汴京的城门越来越近了。
那座高大巍峨的城门,在日光底下闪着光。城楼上站满了人,城门口也挤满了人。有穿官服的,有穿布衣的,有老人,有孩子,有男有女,有老有少。他们都在等,等那支队伍,等那些凯旋的英雄。
皇帝的车驾走在最前面。他本可以坐车,可他坚持骑马。年轻的帝王骑在一匹白马上,穿着玄色的常服,腰背挺得笔直。他时不时回头看一眼,看看皇叔,看看皇婶,看看夏将军,看看那些得胜的将士。他的脸上带着笑,那笑压都压不住。
队伍进了城。
城门洞又深又长,马蹄踏在青石板上,得得作响,回声隆隆。穿出城门洞的那一瞬,眼前豁然开朗。
满城的百姓。
从城门开始,沿着朱雀大街,一直到皇城根下,黑压压站满了人。街道两旁的店铺门口,二楼的窗户口,甚至房顶上,都挤满了人。
“夏将军!夏将军!”
“摄政王千岁!”
“大周万岁!万万岁!”
喊声震天响,像潮水一样一波一波涌来,震得人耳朵嗡嗡的。
那些声音里有男有女,有老有少,有粗有细,有高有低,混在一起,汇成一片巨大的喧嚣。
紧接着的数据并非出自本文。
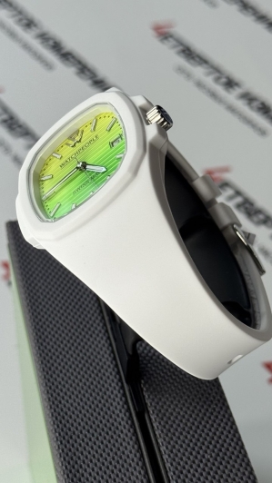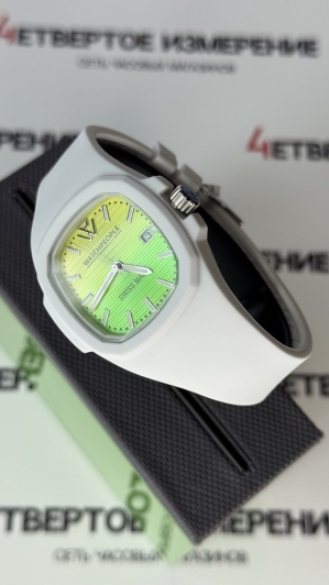 Водозащита 10 Бар позволяет использовать часы при плавании и нырянии без акваланга. Под прочным минеральным стеклом с сапфировым покрытием находится желто-зеленый циферблат с окошком даты в положении 3 часов.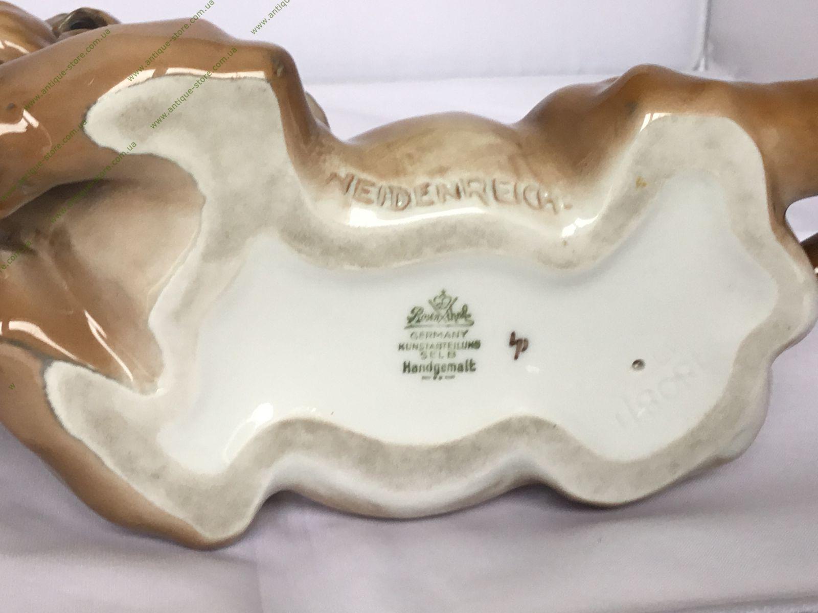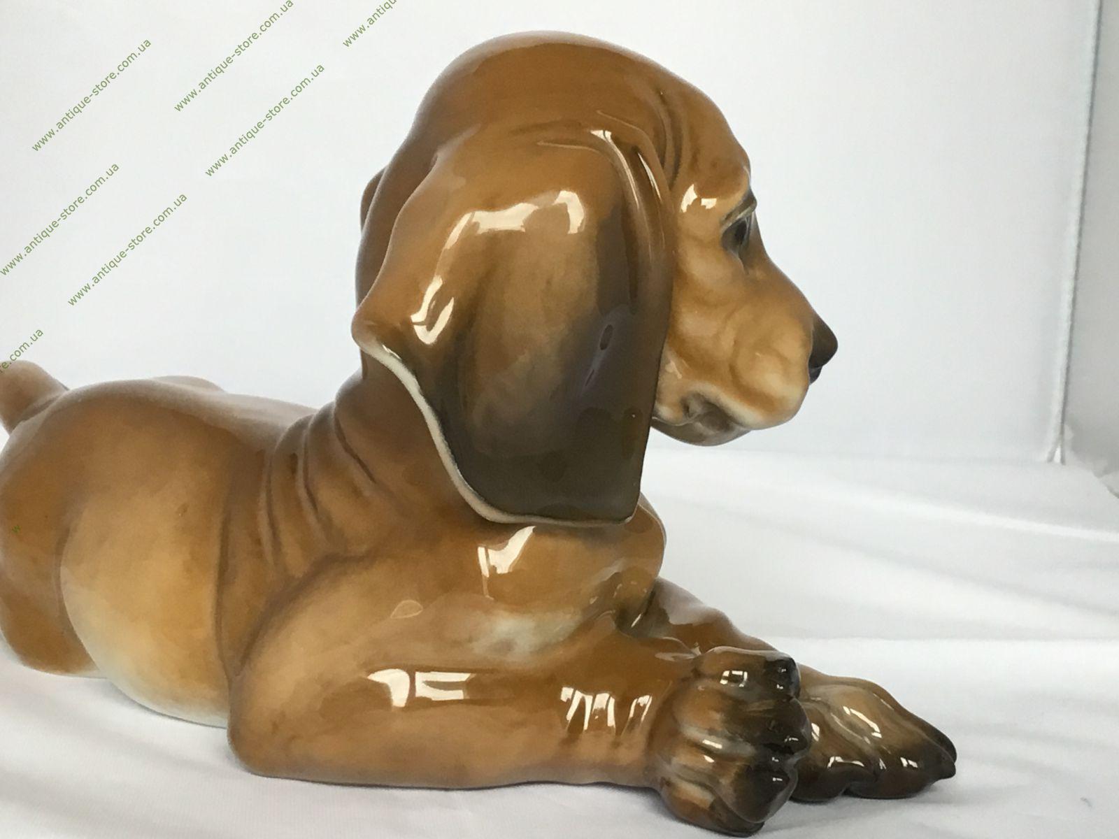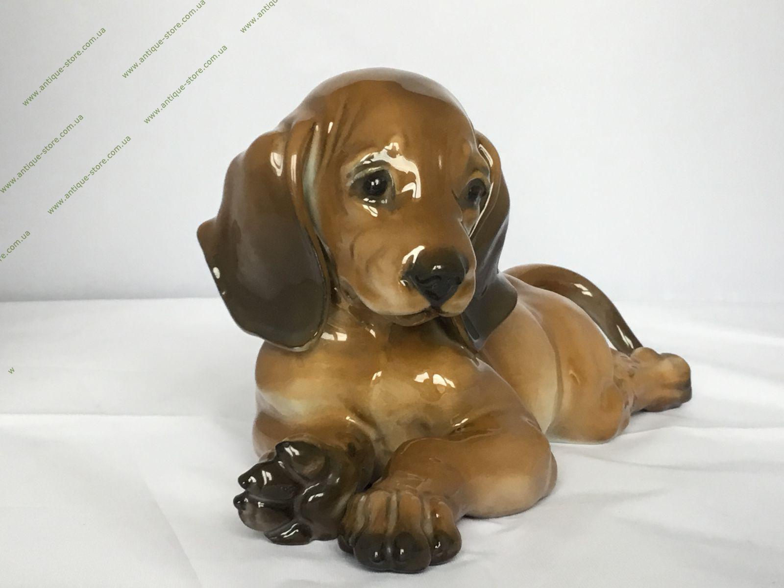 Фарфоровая фигурка лежащего щенка таксы. Работа знаменитого художника фабрик Розенталь (Rosenthal) Фрица Хайденрейха (Fritz Heidenreich). Снизу зеленое подглазурное клеймо «Rosenthal handgemalt». Номер в тесте 1808/1, клеймо мастера.

可那喧嚣里,听得出来的,是欢喜,是激动,是劫后余生的庆幸。
夏茂山骑在马上,看着那些百姓,眼眶又红了。
他征战半生,打过的仗数都数不清,见过血,见过火,见过尸山血海。可他最想见的,是这些。是这些平安的百姓,是这些热闹的街道,是这座完好无损的城池。
皇城门口,文武百官已经候着了。
他们穿着各色的官服,按品级站成两排,从城门一直延伸到宫门口。看见队伍过来,他们齐刷刷跪了下去,山呼万岁。
皇帝翻身下马,亲手把易子川扶了下来。
“皇叔,”他的声音有些发颤,“走,进宫。”
一行人进了宫。
宫门口,早有内侍候着,引着他们往偏殿去。皇帝说了,今日不是朝会,是家宴。不穿朝服,不行大礼,只论家礼,只叙亲情。
偏殿里,已经摆好了宴席。
几张矮几,几案上摆着各色吃食。
没有那些花里胡哨的御膳,都是家常的菜色。红烧肉,糖醋鱼,清炒时蔬,热腾腾的汤羹。还有一壶酒,不是什么御酒,是宋太妃自己酿的桂花酿。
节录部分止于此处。